Someone joked with me that this is essentially a big database operation + algorithm operation…. It has nothing to do with C++ except if you want to make a GUI interface…. Our group discussion finally decided to give up the challenge themselves, yielding to the algorithm and the final exam…… Project Description In this project, your team needs to develop a review and recommendation system for certain products, similar to Amazon, Dangdang and Douban. This category of products is not limited to books, can be movies, music, restaurants, food and so on. For the convenience of expression, we uniformly describe it as books in this document. You need to manage a group of users and many books. Users can [review and rate] books in the system (assuming a scale of 1-10 is used). Of course, it’s not possible for a user to rate all the books in the system, but only review and rate the books they’ve read. System operation, you can register new users, add new books, can also delete or modify the information of existing books and users (in addition to their unique identifier information, such as book author, year and so on). For each book, the system counts its [total number of reviews and average score], etc. After each user logs in, the system recommends 10 books that the user is most likely to read but has not yet read. In addition to recommending books, the system can also recommend potential friends with similar interests to users, that is, other users with similar interests. Reference data set Book – Crossing the Dataset: http://www2.informatik.uni-freiburg.de/~cziegler/BX/ MovieLens: http://grouplens.org/datasets/movielens/

[is it very like database + algorithm big homework?? :] here I first remember a bit of problem-solving ideas

In essence, it is to establish a relationship between users and recommendations, users and users, and items and items respectively, which requires a little knowledge of graphs in data structures. So the big question is, how do you tell if there’s a good connection between two nodes? How to sort? Note that there are a number of parameters, user information and ratings are important.

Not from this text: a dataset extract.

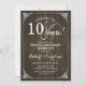 Convite de 10º Aniversário de Casamento. Elegante design rústico com padrão de madeira marrom escuro e fonte script branca. Parabéns pelos 10 anos! Pode ser personalizado para qualquer ano de casamento! Mensagem para mim se precisar de mais personalização.

[Possible recommendation algorithms involved] 1. Demographic-based recommendation:

To put it more simply, it is to match objects to similar people of the same sex or age group. Advantages: no cold start problem [cold start problem: in the case of no user history data design personalized recommendation and let users satisfied with the result of the recommendation problem. Or fundamentally said: how to recommend a new user of the problem] weakness: it is obvious that algorithm is very rough, difficult to satisfactory effect, is only suitable for simple recommendations.

2. Content-based recommendations

Advantages: It can well model user interest and get better recommendation by increasing the attribute dimension of items.

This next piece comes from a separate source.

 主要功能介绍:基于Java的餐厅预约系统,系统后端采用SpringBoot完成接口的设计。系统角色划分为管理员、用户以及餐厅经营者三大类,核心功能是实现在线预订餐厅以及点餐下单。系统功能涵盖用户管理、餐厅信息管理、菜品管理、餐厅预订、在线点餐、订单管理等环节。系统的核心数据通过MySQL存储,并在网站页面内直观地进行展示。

Disadvantages: there are cold start problems, and the property of the item is limited, the measurement standard of similarity is uncertain, may be more one-sided.

3. The collaborative filtering (CF) algorithm “big BOSS” few words said reference links on http://blog.csdn.net/ygrx/article/details/15501679 first http://www.ibm.com/developerworks/cn/web/1103_zhaoct_recommstudy2/index.html, I think the two writing will be much better than I the BOSS has two variants (1) the user-based collaborative filtering ideas: Calculate the similarity degree among all users according to the user’s evaluation of the item; Select N users that are most similar to the current user; Using the ratings of N neighbor users on items, the possible ratings of current users on items that have not been browsed are predicted. Recommend items to current users based on predicted possible ratings.

In fact, this can be understood as the problem of judging the length of the path between the two nodes in the graph.

Similarity: A common calculation method: Pearson Correlation

2. A commonly used prediction function:

For each neighbor user, calculate the difference between his rating of item P above or below his average rating and combine these scoring differences — add neighbor users’ rating bias on P to user A’s average rating with the weight of user similarity as user A’s rating prediction of item P

(2) Collaborative filtering based on items calculates the similarity of all items according to users’ evaluation of items; Use a user’s ratings of similar items to predict the user’s ratings of items they have not viewed. Recommend items to current users based on predicted possible ratings.

The problem is the same as above. In fact, the solution method is similar, but it may need a little adjustment.

The advantages of collaborative filtering: Obviously, it is more fineness and more scientific than the previous one. Disadvantages: score matrix sparse problem, cold start problem, etc.

Small adjustments: — (1) a graph-based approach: (spreading activation) Idea: recommend items with a path of length >3 — (2) Matrix SVD decomposition: singular value decomposition, which is essentially dimension reduction — (3) Information pretreatment: noise reduction and normalization

Noise reduction: The user behavior data is generated by the user in the process of using the application, which may have a lot of noise and user misoperation. We can filter out the noise in the behavior data through the classical data mining algorithm, so that our analysis can be more accurate. Normalization: It may be necessary to weight different behavioral data when calculating how much users like an item. However, it can be imagined that the data values of different behaviors may vary greatly. For example, the data viewed by users is bound to be much larger than the data purchased. Therefore, how to unify the data of each behavior in a same value range, so as to make the overall preference obtained by weighted sum more accurate, requires normalization processing. The simplest normalization process is to divide each type of data by the maximum value in this class to ensure that the normalized value is in the range [0,1]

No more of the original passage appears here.